Nothing they say matters, because none of it is being argued in good faith. Their words are just an attempt to distract you from their actions. That's an insult in and of itself, because when you're talking to one of the most literate and intelligent groups of people in the world about books, the last thing you should be doing is trying to pretend that you don't know what a subtext is and that nobody should read anything into your statements. But the point is, they're never going to stop lying. They're never going to stop arguing. They're always going to try to turn everything into a rhetorical victory for their side, because their viewpoints are slowly receding into the dust of history and all they have left is empty rhetoric. If they lose, they will claim they're being oppressed. If they win, they will claim their ideas have been validated. If the rules change to prevent them from acting in bad faith again, they'll claim that they would have won if things had been "fair" (ie, if they had been able to game the rules sufficiently to win). Nothing you say will ever force the kind of introspection they'd need to undergo to understand why they're terrible people, and everyone else already knows it. So it's not worth talking about.

So don't argue with the Puppies. Just vote "No Award" in the categories they dominated, and leave them right the hell off the ballot. Because Puppies don't understand "No". They understand a newspaper to the nose.

3 comments:

Anonymous said...

Or, you could maybe read what some of the evil, evil Sad Puppies people wrote about what they did and why, and make up your own mind:

http://monsterhunternation.com/2015/04/06/a-letter-to-the-smofs-moderates-and-fence-sitters-from-the-author-who-started-sad-puppie

That is, if you're not terrified of badthink.

Anonymous said...

The problem is not the politics of the writers on the slate. The problem is the slate.

When the Sad Puppies sought suggestions for the slate, 41 people "nominated" (among other things) 35 books. 4 books got 3 nominations each, 4 got 2 nominations each, the other 27 got 1 nomination each. This is what normal nominations look like--even among a group selected for common tastes in SFF, the most popular books were getting less than 10% of the nominations. Among the final nominations (the top 50 or so of which are released every year after the voting) a runaway favorite like Ancillary Justice last year will get 15% or so, of the nominations.

Curating that to a list of 5 books to vote for raises your group's nomination rate roughly 10-fold, which is why 17% of the nominators could lock up 90% of the ballot.

In the process they left books off their slate that they would have loved (and their leaders admitted later they would have added to the slate had they known about them.) Those books got locked out of the nominations.

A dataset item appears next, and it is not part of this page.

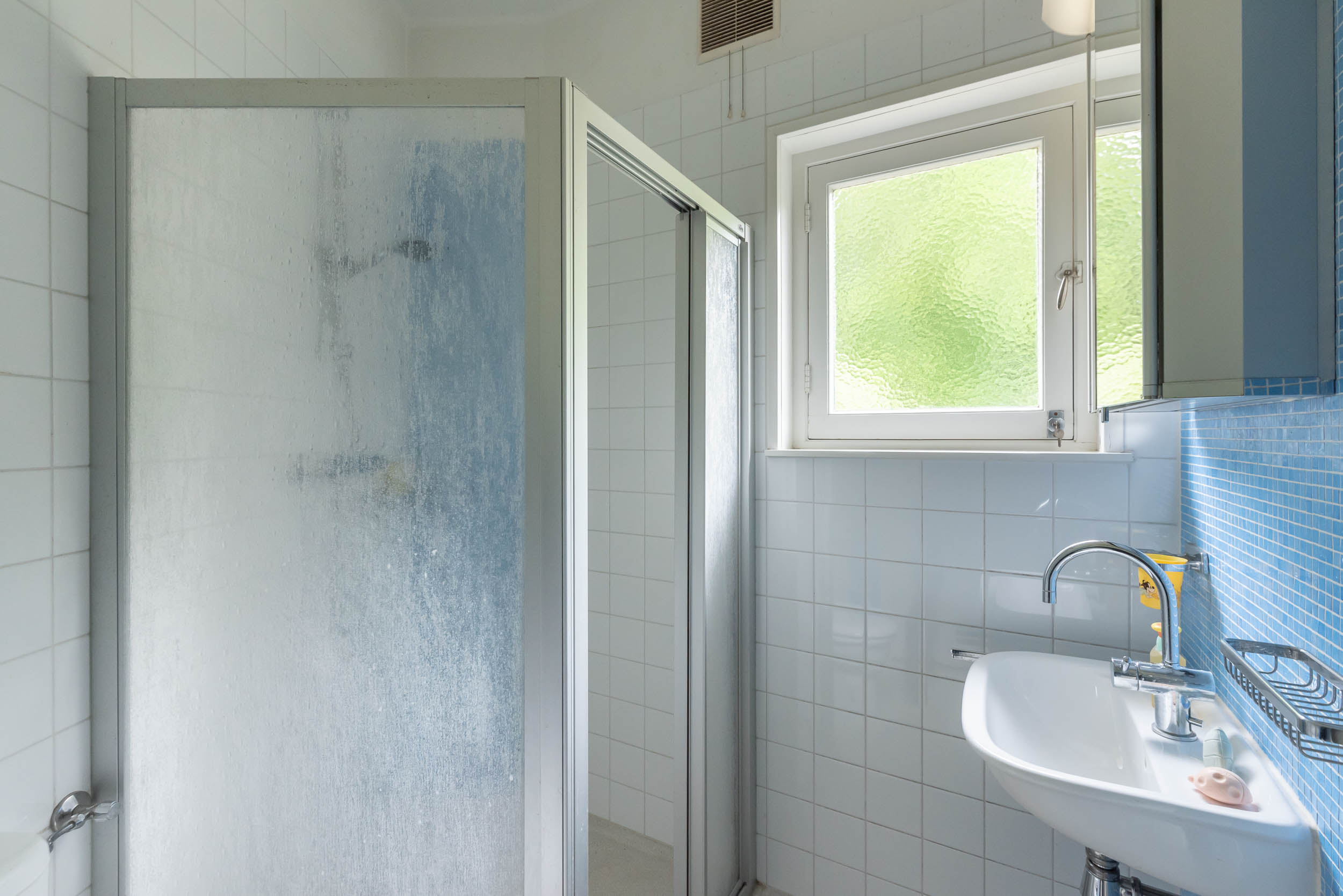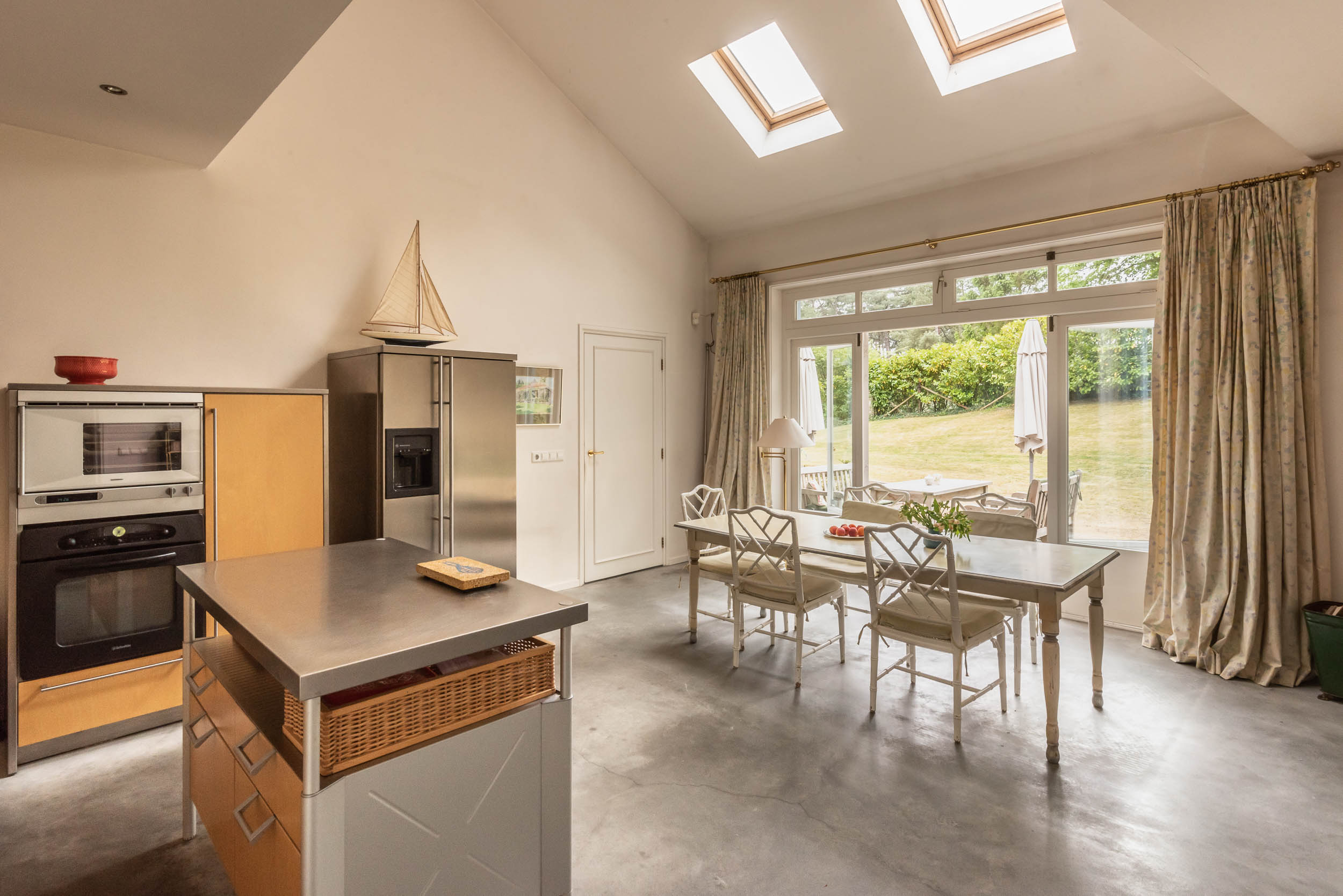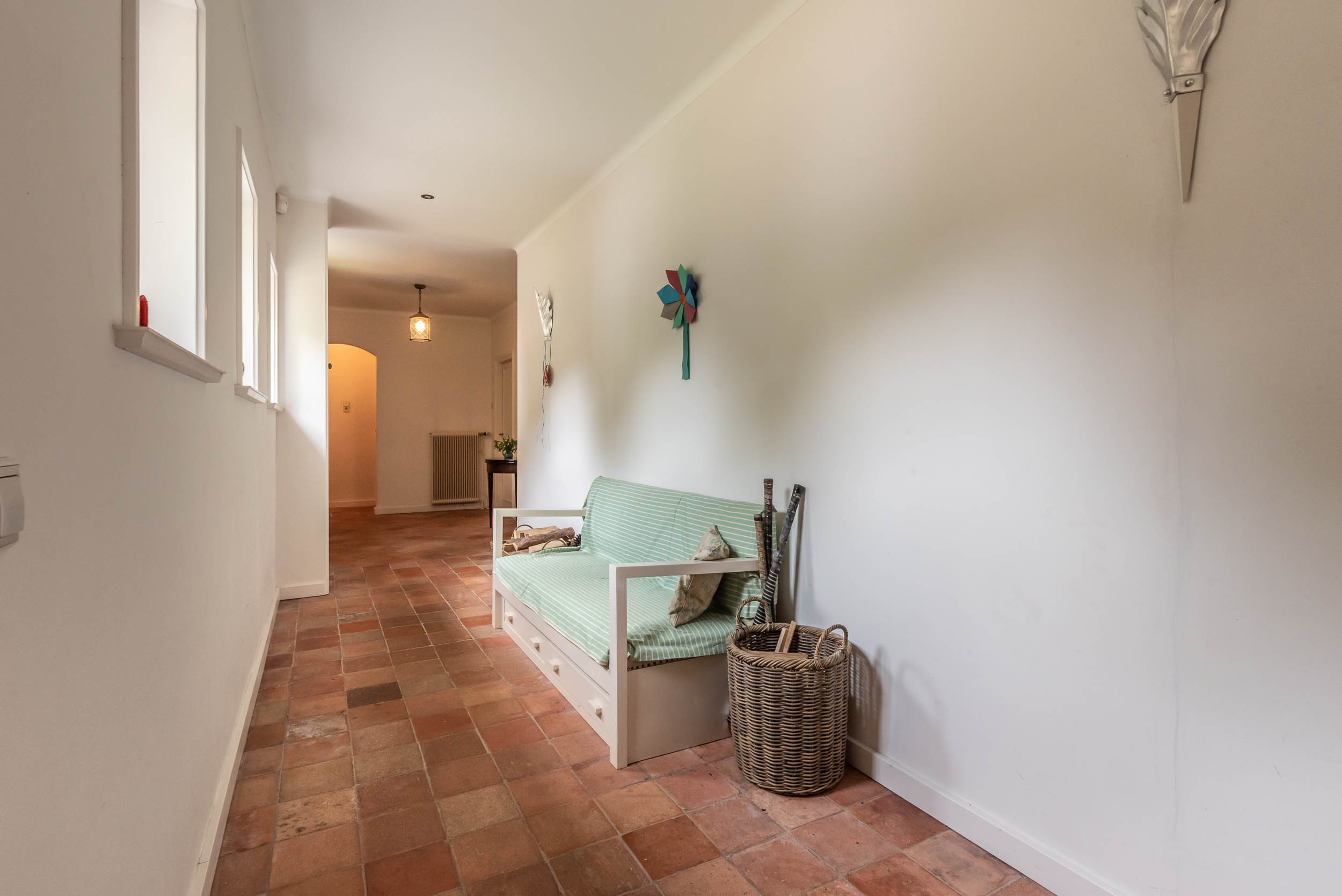 The villa exudes a Mediterranean feel with its light blue Louvre shutters, hipped roof and French tiles in the hallway. Set on a sunny plot spanning no less than 4420 m², it is surrounded by beautiful trees. The generously-sized driveway leads to the double carport with round point. There is ample parking space for several cars, as well as an indoor garage. The property has a comfortable and welcoming layout, with rooms that are nicely sized. Most of the rooms open onto the garden through French doors, which is unexpected because of the varied nature of the plot. The original architecture was reflected in an extension that was built in 2001.

Slates hurt every non-slate work, including those the slate makers would have loved, but didn't know about. This is why "a liberal slate" is no answer to the problem.

Some of the writers on the Puppy slate(s) are liberal. Doesn't matter. Slates are so brutally destructive to the nominating process that I don't feel I can tolerate them no matter who benefits from the unfair advantage they give. I will be voting No Award above everything that came in via slate, no matter how good it is. If there are really good writers in there somewhere, perhaps I can vote for them with an undivided heart in some more auspicious, slateless, future year.

John Seavey said...

I did read that, "Anonymous" (if that is your real name). Why do you think I made a post about how every damn thing Correia says is a lie, obfuscation, dodge, or bad-faith argument? I'm happy to leave that link here, because every damn thing he says is either an equivocation, an attempt to duck genuine criticisms of his terrible plan, a misleading statement, or just a flat-out bald-faced lie. And as I said...we're all writers and readers of literature. We can all smell BS when it stinks.